Courses about the R statistical computing system

Some history

(This is mainly for nostalgic and historical reference) I started using S-PLUS in 1996. Through the email list of the Stats department at the University of Wisconsin I got an email about a great offer to obtain a user license (and the floppies) for S-PLUS. I was planning a long field trip and wanted a reliable piece of stats software to analyze my lizard data. I went to the bookstore, looked through “Modern Applied Statistics with S-Plus”, the classic by Venables and Ripley, and after 30 minutes I was hooked (the example of the linear regression with male and female cats, and how easy the subsetting and using different symbols was, lead to love after that 30 minute skimming session). I purchased the book, the software, and spent a year and a half in Brazil enjoying S-Plus and reading the manuals (and rejoicing in thoughts such as “how hard would this have been in SAS or SPSS?“), in addition to chasing lizards.

In the fall of 1998 I took a linear models class (Stats 849?) from Douglas Bates, an R-core member. He introduced us to R, then in version 0.62.3 (and also to ESS and Emacs). R being free software, and having been bitten by the free software virus shortly before that, I started using R as much as I could instead of S-Plus (there were things that were not available — like trellis— others that did not quite work well yet, lots for which I could easily rewrite my former S-Plus scripts, and a bunch for which I tried S-Plus, R, and sometimes SAS, such as mixed-effects models —I was spending a lot of time with those by that time). By mid-2000 I was using R almost exclusively, and I submitted my first package to CRAN, PHYLOGR, around that time.

I kept using R in the first jobs I had in Spain, often to the surprise of my colleagues (some wondered why I insisted in using that unknown system instead of things such as SPSS or SAS —both of which I had use quite heavily in the past and did not particularly want to use much again).
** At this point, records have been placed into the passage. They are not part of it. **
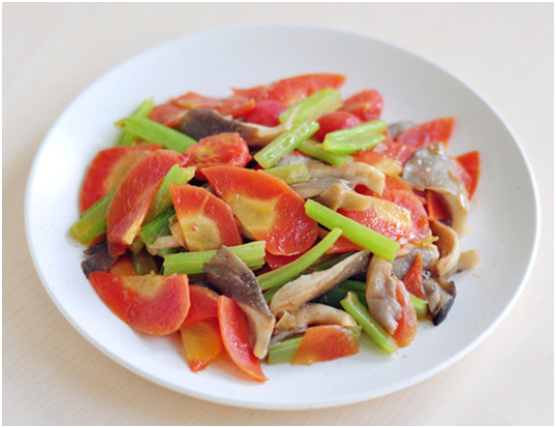這個快手小炒菜,不僅清淡爽口,還含有豐富的維生素。準備西芹、胡蘿卜、蘑菇和小番茄,烹制的次序比較講究,炒鍋燒油,下大蔥炒香后先放胡蘿卜翻炒片刻,放蘑菇翻炒,放芹菜段繼續翻炒(放一點點生抽,既去除蘑菇的腥味又可讓芹菜入味),最后放入小番茄翻炒至出水即可。
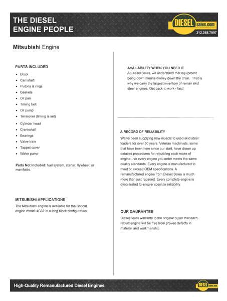 Mitsubishi 4g32 Construction / Industrial All We Need Is The Bobcat Serial Number To Quote. Complete Some Parts Not Included: Fuel System, Starter, Flywheel, Ormanifolds. Remanufactured Engine, Starting At $ 4795.00 Exchange With One Year Or 2,000 Hrs Whichever Occurs First, Factory Parts & Labor Warranty Plus $ 1150.00 Refundable Core Deposit.
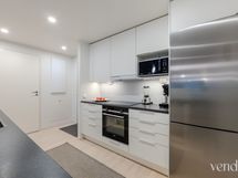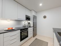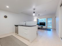 Keittiön varusteet: Jääkaappipakastin, uuni, liesi, astianpesukone ja keittiösaareke. Liesi: Induktioliesi. Työtason materiaali: Laminaatti.
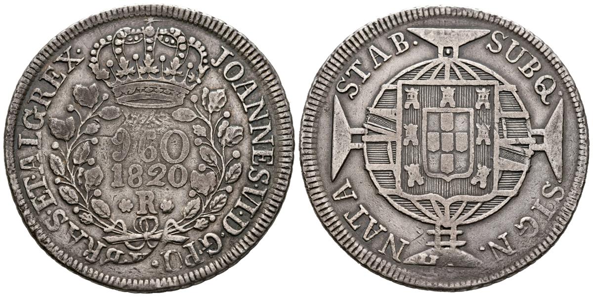 BRASIL. 960 Reis. (Ar. 26,17g/42mm). 1820. D. Joao VI. Río de Janeiro R. (Km#326.1). MBC. Acuñada sobre una moneda de 8 Reales española. Bonito tono.

When I got to CNIO in 2001, and I returned to doing science, I was pleasantly surprised to see that the Bioconductor project, which had started shortly before, was something that some of my colleagues in bioinformatics were positively curious about.

Since then, I’ve authored/co-authored several R and BioConductor packages, some of which even got their academic papers (e.g., ADaCGH2, RJaCGH, varSelRF, etc) and have used R as the basic computational engine behind several web-based bioinfo applications (some of which we also managed to publish, such as Pomelo II, now available from Pomelo’s IIB site or SignS, now available from its IIB home, etc).
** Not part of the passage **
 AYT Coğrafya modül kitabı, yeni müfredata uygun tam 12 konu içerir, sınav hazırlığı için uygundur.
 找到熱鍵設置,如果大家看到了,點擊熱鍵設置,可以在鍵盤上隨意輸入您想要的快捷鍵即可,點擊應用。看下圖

I continue using R as the language in which I do a large chunk of my overall programming and all of my statistical analysis/programming. I will use other things too (mainly C++ when I need the speed), and have been tempted by other languages (right now, the inevitable Julia and LuaJIT) but I think that R is here to stay for quite sometime and I think that the combination of R and C++ (via Rcpp) is a relatively good one.

I think I taught my first R course around 2003 at CNIO and not long after that I taught another one at UAM (organized by the “Red temática del CSIC de Bioinformática”). I’ve covered from basic programming and basic stats to specific issues of parallelization or “omics” data analysis.

Current courses

Most of the R-related courses I’ve taught recently fall into two categories:

  • General intro R programming courses. For example, the material I use for the “Herramientas de programación” bacherlor’s degree course, or the annual one-day course I teach for my frieds at CNIO. This material is available from the R-bioinfo-intro github repo.
  • Intro statistics with R. For example, the material for the “Applied statistics course” (available from the github BM-1 repo), or the very similar (except it is all command-line oriented, so no Rcommander or other GUIs) material from the R-basic-stats github repo.
  • A few other course have been much more specific, such as on debugging and parallelization, or longer and covering wider territory, such as courses that covered from programming to generalized linear mixed effects models.